When I had no children myself, I contacted many parents and listened to what happened between them and their children. There has always been a voice in my heart, why parents can't understand their children so much. It was not until I had my own children that I found that parenting was really not an easy task. Talk to you about the difficulties of parenting.
Modern parents are mainly born after 70 s and 80 s, all in their 30 s and 40 s, which is the main stage of life, the "golden age" of doing business, the main labor force of society and the largest population group.

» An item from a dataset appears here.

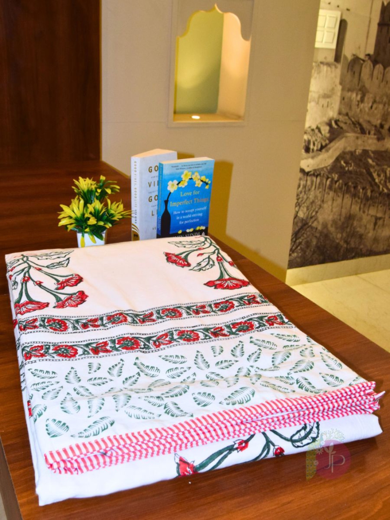 The Red Rose Jaipuri Print Cotton Dohar isn’t just a blanket—it’s a work of art. Crafted in the heart of Jaipur, this dohar reflects the city's centuries-old tradition of block printing. Each rose motif is stamped individually by hand using precision-carved wooden blocks and eco-friendly pigments. The result is a one-of-a-kind textile masterpiece that delivers both visual delight and comfort.

I once read a passage on the Internet describing the post-70s and post-80s generation: "They are the backbone of the married family, old and young, shouldering the burden of the whole family. They get up early, forget to eat and sleep, work day and night, go up and down, take care of the overall situation, and rack their brains to think about how to increase their income and improve their situation. There is no night, no weekend, no holiday and no rest. " Being overwhelmed by the "N mountains" of houses, cars, tickets, seats, Lao Tzu, wife and children, I always feel that I can't make ends meet and I can't do anything. They hurt their bodies and emotions prematurely in endless social activities, in the comparison that "people are more popular than people", in the struggle they have paid, and in the climb that "walking is more difficult than climbing to heaven". It can be seen how much psychological pressure there is.
Parents' primary school tells you where the problem of family education lies.
In this era of knowledge explosion, this generation of parents is even more helpless in the face of the era when children's personality is prominent. Because most of them grew up in a bad environment, they were only taught to be obedient children, otherwise they would be unfilial, and they grew up in a judged environment. Naturally, educate your children in the same way. When children grow up, they find that times have changed, and modern children don't buy it.
A mother told me that there was nothing she could do about her 6-year-old daughter/kloc-0. She took a fancy to a coat of more than 3,000 yuan. Her mother felt that such expensive clothes did not match her student status and did not agree with her. The next morning, my daughter got up and said that she had not found the clothes she wanted to wear, so she didn't go to school.
Seeing such problems, we usually label children with many labels: children are vain, don't understand their parents, or don't understand. But, as I always say, everything has a cause and effect. There must be a reason why children are in this state today, which has a lot to do with the way our parents educate them.
Parents' primary school found that the problem of family education is really useless!
Summary of parents' primary school experience: learn to appreciate children
I told my mother that the social needs of children aged 16 are very important at this time, and they are very eager to be recognized and appreciated by their peers. This is a normal thing, but the child's behavior today is somewhat biased. It is precisely because of her extreme lack of love "recognition" and "appreciation" food that she will desperately look for a sense of existence outside, and the child's sense of self-worth is very low.
Mom said that she denied restricting her until the first grade of junior high school, and only when she entered junior high school did she find all kinds of problems. Then my mother sighed: I grew up denied, and I really don't know how to appreciate children. There is also a place where modern parents are very anxious, that is, the problem of children reading. In every lecture, almost everyone will be asked a question: children don't like doing homework and are not interested in learning. I deeply feel the anxiety and anxiety state revealed in my parents' words.
My neighbor told me that my child resigned after he entered the first grade. If you work, you can't help your children with their studies. Every day, the teacher posts the homework of the whole class on WeChat, which is A and which is B, and which child needs to stay in school at noon, and often receives calls from the teacher. What does your child need to pay attention to? The neighbor said helplessly, if the heart is not strong, there is really no way to calm down. There was once a mother who brushed away her tears as soon as she talked about her children. Children in key schools have poor grades and teachers don't like them. It is often suggested that children are dragging their feet and hope that their children will transfer to other schools. The child has been working hard, but his condition is not very good and his grades have not improved. I receive a lot of cold-eyed ridicule every day, but my child is determined not to transfer, and my mother is very painful. Have fun with your children.
Parents born after 70 s and 80 s are usually elderly people who help take care of their children. In the class, I am often asked about the contradiction between mother-in-law and daughter-in-law, such as parenting, living habits, diet and so on. A very small example, the child is ill, and modern parents have accepted a new concept, that is, they can not need infusion bottles or injections, but the elderly are in a hurry and the water is good and fast. It's all for the good of the children. It makes sense. They often have labor pains and can't say it.
Facing the difficulties of modern parents in raising their children, it is really great to look at it from another angle. When we grow up, we will constantly strengthen our hearts, constantly adjust the pace of children's growth, and properly handle various relationships. In fact, we can choose our own life!